The funding ratio rose to 126.2% in June, up from 125.6% in May.
Total scheme assets climbed 2.5% to £1,110bn during the month while total liabilities rose 2% to £863bn.
The deficit of schemes in deficit at the end of June was £28.7bn, £2.2bn lower than the £30.9bn recorded at the end of May.
Shalin Bhagwan, PPF chief actuary said: "After a month of fluctuating fortunes in government bond markets, which ultimately ended with overall lower yields, the PPF-eligible DB universe experienced an increase in their estimated liability values.
“However, this rise in liability values was outpaced by the growth in DB schemes' estimated asset values, driven by positive returns over the month for all asset classes, and particularly overseas equities, on the back of favourable economic data and better-than-expected corporate earnings reports.”

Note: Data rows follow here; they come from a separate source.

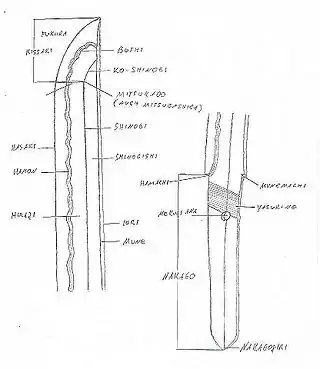 • nakago (茎, espiga) - parte sin pulir de una cuchilla que está oculta por la empuñadura. (ver imagen)[18][41]
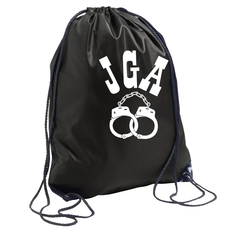 Bestelle hier dein Junggesellenabschied JGA Handschellen Rucksack aus 100 % Polyester und gestallte es individuell nach deinen Vorstellungen. Kombiniere dein Junggesellenabschied JGA Handschellen Rucksack mit dem dazu passenden T-Shirt sowie Capi für ein rundum stimmiges Outfit.
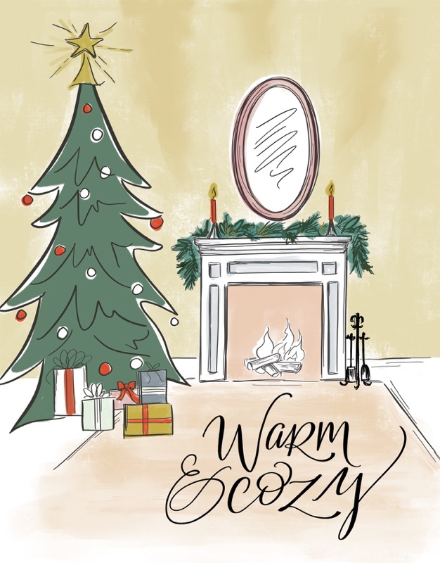 Warm and cozy Reference 41707 Version 1 Collection(s) Christmas Orientation Portrait Keywords: Christmas, Fireplace, Home, illustration, presents, Seasonal, Text, tree
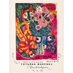 Маврина (Лебедева) Татьяна Алексеевна (1902–1996) – художник-живописец, график, иллюстратор, сценограф, заслуженный художник РСФСР (1981), лауреат Государственной премии СССР (1975). Училась во ВХУТЕМАСе/ВХУТЕИНе в Москве (1921–1929). Сотрудничала в Госиздате, Детгизе, Гослитиздате, издательствах «Безбожник», Academia, «Искусство», «Детский мир», «Советский художник». С 1928 г. участвовала в выставках Общества художников «РОСТ», 5-й выставке живописи и графики современных русских художников в Феодосии (1929), «Художники РСФСР за XV лет» (1932). Член и экспонент группы «13» (1929, 1931) и др. Персональные выставки прошли в Москве (1946/1947, 1959, 1963, 1973), Ленинграде (1960) и Загорске (1978). Произведения находятся в ГТГ, ГМИИ им. А.С. Пушкина, ГРМ и других музеях.

Sarah Elwine, actuarial director at consultancy, said: “Rising asset values through June supported an improved funding position for many defined benefit pension schemes. Across the universe of schemes, the picture remains one of robust health with the majority of schemes now registering a surplus increasing their options and decreasing their cost to the sponsoring employer.
"As we look ahead to the second half of 2025, the only known appears to be more unknowns as uncertainty appear likely to persist amid ongoing tariff negotiations, volatile geopolitics and a challenging Autumn Budget for the UK Chancellor to deliver.
“This creates a difficult environment for trustees as they look to navigate through the turbulence. Investment strategies must be closely managed to achieve longer-term objectives however opportunities continue to emerge in the insurance market, with new options on offer and reforms making run-on a more attractive route for many schemes."